What this task involves — Both the line below containing "Image from zine." and the line containing "HUELGA EN McDonnell Douglas", along with every line between them, should be repeated exactly; no other line belongs in the answer.
(Excerpted data)
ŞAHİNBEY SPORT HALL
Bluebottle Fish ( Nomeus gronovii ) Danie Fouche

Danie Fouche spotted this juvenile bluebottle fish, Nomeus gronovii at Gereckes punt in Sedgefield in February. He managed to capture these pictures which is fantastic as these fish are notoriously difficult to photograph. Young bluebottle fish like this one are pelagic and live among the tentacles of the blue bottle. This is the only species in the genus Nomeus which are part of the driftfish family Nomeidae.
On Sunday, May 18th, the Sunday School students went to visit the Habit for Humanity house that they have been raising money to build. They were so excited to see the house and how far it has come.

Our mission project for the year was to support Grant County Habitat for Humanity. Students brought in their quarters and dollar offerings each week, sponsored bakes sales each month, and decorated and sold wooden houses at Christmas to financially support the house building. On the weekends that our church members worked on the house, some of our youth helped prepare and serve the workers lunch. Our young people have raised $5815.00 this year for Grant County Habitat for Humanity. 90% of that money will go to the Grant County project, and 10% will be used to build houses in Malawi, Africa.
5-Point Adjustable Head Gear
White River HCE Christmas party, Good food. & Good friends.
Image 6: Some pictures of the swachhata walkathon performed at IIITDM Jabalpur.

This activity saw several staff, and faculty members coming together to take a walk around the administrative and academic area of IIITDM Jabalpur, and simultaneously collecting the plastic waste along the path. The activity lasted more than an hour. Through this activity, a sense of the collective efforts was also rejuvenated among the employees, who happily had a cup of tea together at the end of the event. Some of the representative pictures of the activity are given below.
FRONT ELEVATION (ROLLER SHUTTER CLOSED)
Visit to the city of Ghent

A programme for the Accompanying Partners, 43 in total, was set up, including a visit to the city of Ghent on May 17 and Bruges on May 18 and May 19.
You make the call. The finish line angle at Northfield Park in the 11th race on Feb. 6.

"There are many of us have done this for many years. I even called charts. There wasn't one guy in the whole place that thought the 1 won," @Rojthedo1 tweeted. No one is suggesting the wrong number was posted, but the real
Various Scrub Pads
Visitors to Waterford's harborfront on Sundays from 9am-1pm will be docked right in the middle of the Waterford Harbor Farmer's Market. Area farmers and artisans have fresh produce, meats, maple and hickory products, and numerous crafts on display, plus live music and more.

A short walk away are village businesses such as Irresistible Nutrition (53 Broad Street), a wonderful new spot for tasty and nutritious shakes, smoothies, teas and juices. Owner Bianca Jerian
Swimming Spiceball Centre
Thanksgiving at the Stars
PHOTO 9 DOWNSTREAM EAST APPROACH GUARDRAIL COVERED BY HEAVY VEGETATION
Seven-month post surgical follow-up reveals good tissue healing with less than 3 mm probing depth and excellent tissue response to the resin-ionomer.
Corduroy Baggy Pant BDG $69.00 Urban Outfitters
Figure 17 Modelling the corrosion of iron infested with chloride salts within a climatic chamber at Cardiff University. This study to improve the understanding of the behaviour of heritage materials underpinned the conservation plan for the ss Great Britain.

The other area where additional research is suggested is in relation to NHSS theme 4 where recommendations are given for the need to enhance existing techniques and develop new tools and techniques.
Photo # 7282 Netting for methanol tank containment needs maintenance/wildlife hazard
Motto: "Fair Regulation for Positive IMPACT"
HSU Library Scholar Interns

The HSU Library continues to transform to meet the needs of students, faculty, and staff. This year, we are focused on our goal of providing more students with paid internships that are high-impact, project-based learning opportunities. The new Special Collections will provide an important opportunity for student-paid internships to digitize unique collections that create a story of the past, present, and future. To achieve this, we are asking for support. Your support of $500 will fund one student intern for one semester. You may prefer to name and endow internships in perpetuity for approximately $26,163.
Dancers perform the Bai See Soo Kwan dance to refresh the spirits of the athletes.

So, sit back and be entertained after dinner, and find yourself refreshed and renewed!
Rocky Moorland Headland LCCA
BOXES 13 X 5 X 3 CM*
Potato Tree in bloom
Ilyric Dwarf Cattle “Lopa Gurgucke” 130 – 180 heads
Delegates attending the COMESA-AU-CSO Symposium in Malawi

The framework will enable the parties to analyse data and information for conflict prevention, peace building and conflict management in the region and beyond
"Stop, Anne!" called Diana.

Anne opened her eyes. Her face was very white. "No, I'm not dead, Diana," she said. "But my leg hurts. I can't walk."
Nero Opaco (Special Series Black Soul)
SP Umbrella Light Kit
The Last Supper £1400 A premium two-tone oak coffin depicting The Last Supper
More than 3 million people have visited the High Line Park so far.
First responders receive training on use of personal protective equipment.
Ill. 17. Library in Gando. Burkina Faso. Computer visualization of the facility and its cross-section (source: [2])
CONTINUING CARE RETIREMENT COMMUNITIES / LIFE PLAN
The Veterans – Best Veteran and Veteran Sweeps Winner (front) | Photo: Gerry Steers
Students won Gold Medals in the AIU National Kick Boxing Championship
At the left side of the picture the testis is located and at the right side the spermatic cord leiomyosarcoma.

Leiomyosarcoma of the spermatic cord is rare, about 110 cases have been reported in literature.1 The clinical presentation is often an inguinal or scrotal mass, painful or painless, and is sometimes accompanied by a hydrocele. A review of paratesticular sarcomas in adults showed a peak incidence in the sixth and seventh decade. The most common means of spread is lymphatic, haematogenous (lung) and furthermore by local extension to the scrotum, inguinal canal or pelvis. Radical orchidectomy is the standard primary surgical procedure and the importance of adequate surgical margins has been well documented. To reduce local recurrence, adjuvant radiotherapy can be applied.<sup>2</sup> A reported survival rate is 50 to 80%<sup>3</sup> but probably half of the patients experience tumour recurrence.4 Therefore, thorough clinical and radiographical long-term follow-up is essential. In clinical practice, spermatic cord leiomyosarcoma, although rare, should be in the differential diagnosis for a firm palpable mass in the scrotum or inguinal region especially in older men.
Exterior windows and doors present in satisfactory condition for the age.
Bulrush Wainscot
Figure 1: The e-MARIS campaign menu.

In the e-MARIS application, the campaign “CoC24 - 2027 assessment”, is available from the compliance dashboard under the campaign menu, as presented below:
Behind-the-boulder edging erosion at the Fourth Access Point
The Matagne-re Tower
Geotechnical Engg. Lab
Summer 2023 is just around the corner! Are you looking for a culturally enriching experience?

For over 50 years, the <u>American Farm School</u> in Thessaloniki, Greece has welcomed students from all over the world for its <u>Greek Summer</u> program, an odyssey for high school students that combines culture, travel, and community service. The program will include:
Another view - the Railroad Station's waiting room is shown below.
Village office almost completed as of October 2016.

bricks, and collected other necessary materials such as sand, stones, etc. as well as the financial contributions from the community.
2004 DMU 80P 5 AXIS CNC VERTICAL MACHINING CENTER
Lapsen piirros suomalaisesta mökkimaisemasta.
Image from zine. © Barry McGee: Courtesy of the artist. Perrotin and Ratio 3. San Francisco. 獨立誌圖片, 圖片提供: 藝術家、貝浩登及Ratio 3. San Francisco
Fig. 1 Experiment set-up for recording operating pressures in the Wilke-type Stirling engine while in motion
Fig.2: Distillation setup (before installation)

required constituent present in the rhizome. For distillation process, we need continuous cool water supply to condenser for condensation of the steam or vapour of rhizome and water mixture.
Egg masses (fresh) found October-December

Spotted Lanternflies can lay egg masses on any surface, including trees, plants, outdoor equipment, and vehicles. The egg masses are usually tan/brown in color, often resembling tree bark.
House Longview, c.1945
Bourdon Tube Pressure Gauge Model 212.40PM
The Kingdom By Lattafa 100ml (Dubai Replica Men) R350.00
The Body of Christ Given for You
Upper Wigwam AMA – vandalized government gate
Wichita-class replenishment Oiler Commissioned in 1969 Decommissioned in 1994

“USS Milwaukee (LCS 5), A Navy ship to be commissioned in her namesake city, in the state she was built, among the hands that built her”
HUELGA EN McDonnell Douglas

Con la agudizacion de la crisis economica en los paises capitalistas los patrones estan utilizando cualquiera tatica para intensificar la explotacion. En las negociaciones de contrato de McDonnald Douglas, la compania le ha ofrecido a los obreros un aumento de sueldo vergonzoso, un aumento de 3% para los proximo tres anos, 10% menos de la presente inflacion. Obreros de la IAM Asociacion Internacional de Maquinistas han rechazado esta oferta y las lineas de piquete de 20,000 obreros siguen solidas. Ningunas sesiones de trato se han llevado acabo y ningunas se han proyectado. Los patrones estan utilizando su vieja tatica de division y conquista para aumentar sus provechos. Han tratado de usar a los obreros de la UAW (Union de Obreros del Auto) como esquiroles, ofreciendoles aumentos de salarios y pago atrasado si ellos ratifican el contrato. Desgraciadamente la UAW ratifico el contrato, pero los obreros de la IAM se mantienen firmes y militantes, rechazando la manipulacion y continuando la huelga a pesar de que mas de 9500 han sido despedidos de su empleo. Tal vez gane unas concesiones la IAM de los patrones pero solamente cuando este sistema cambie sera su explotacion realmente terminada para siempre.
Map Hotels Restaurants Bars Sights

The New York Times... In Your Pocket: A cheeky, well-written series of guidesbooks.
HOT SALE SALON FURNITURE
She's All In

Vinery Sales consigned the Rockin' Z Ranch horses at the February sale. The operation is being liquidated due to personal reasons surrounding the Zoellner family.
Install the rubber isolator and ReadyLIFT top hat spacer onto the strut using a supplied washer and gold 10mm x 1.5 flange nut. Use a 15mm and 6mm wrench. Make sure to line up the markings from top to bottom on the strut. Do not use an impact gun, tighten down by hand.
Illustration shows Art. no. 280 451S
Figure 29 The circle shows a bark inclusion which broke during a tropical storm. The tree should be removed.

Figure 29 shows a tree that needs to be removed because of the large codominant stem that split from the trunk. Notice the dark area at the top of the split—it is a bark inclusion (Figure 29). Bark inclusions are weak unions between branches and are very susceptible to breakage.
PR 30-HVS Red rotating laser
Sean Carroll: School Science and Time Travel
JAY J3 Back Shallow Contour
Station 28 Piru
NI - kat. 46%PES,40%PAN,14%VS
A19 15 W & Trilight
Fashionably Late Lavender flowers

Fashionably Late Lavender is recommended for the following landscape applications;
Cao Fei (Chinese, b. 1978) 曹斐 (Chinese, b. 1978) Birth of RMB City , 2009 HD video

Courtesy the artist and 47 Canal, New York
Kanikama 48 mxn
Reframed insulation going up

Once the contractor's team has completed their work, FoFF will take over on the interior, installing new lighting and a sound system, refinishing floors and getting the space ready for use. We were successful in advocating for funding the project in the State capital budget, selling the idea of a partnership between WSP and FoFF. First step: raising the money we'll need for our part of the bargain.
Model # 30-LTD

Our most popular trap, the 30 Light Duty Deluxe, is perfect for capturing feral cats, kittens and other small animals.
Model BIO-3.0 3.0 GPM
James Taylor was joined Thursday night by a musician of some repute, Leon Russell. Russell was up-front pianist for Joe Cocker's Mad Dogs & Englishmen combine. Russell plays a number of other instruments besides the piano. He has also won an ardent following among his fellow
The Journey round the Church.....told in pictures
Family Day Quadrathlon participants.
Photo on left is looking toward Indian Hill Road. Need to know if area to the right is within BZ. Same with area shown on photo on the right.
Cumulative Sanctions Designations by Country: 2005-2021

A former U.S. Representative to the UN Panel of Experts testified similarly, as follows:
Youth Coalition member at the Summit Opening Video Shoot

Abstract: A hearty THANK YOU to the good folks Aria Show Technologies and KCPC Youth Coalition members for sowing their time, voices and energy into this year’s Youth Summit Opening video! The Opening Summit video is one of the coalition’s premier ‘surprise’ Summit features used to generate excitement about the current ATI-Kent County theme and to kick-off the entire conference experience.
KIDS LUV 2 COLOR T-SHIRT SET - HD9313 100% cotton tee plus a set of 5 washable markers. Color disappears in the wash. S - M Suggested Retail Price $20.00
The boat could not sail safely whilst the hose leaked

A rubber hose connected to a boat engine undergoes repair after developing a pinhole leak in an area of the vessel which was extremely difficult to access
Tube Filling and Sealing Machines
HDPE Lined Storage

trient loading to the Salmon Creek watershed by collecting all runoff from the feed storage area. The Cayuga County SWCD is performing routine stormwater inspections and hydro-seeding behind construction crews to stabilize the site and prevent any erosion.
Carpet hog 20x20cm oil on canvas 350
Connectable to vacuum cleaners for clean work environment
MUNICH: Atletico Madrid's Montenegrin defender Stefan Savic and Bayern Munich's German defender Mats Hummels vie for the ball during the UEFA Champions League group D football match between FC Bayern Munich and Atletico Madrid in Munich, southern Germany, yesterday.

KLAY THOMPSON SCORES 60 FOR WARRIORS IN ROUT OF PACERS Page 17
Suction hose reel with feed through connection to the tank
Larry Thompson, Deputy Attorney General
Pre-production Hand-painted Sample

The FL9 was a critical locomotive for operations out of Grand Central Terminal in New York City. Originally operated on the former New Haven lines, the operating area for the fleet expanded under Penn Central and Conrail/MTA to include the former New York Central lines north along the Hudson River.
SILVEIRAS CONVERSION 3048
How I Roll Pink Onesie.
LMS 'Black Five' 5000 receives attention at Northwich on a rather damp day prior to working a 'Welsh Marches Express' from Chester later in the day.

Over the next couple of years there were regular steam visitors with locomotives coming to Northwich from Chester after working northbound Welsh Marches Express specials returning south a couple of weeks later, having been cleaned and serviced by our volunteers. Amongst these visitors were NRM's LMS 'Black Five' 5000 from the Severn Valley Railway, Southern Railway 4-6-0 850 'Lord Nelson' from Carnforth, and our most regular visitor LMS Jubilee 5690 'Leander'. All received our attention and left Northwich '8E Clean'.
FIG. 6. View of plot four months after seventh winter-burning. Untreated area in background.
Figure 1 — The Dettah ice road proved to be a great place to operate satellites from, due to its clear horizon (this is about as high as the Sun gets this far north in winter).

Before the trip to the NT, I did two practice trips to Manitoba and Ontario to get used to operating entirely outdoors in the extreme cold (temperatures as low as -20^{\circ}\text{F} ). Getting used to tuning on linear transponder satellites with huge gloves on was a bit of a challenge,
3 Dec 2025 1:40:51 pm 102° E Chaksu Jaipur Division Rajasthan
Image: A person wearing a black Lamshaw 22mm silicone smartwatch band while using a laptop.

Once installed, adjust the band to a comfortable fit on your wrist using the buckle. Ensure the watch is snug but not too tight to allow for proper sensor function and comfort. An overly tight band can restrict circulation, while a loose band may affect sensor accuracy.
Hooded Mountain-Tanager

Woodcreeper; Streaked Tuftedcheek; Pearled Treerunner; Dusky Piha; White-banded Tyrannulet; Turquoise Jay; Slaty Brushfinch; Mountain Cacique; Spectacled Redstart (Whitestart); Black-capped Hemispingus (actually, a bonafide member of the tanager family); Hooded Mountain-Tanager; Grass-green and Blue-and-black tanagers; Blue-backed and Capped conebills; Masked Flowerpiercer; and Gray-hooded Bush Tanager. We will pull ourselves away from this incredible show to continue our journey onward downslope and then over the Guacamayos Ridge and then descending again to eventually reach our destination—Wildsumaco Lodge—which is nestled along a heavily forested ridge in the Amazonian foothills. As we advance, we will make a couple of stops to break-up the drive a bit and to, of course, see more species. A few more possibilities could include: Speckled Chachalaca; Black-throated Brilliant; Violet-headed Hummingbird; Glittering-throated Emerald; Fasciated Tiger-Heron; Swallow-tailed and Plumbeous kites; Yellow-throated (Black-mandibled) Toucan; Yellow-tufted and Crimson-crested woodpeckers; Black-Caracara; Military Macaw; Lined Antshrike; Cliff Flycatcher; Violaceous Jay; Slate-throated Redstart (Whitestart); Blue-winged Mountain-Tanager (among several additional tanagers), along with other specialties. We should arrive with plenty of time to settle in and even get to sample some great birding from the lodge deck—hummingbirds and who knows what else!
(End Excerpted data)
Written solution —
Image from zine. © Barry McGee: Courtesy of the artist. Perrotin and Ratio 3. San Francisco. 獨立誌圖片, 圖片提供: 藝術家、貝浩登及Ratio 3. San Francisco
Fig. 1 Experiment set-up for recording operating pressures in the Wilke-type Stirling engine while in motion
Fig.2: Distillation setup (before installation)

required constituent present in the rhizome. For distillation process, we need continuous cool water supply to condenser for condensation of the steam or vapour of rhizome and water mixture.
Egg masses (fresh) found October-December

Spotted Lanternflies can lay egg masses on any surface, including trees, plants, outdoor equipment, and vehicles. The egg masses are usually tan/brown in color, often resembling tree bark.
House Longview, c.1945
Bourdon Tube Pressure Gauge Model 212.40PM
The Kingdom By Lattafa 100ml (Dubai Replica Men) R350.00
The Body of Christ Given for You
Upper Wigwam AMA – vandalized government gate
Wichita-class replenishment Oiler Commissioned in 1969 Decommissioned in 1994

“USS Milwaukee (LCS 5), A Navy ship to be commissioned in her namesake city, in the state she was built, among the hands that built her”
HUELGA EN McDonnell Douglas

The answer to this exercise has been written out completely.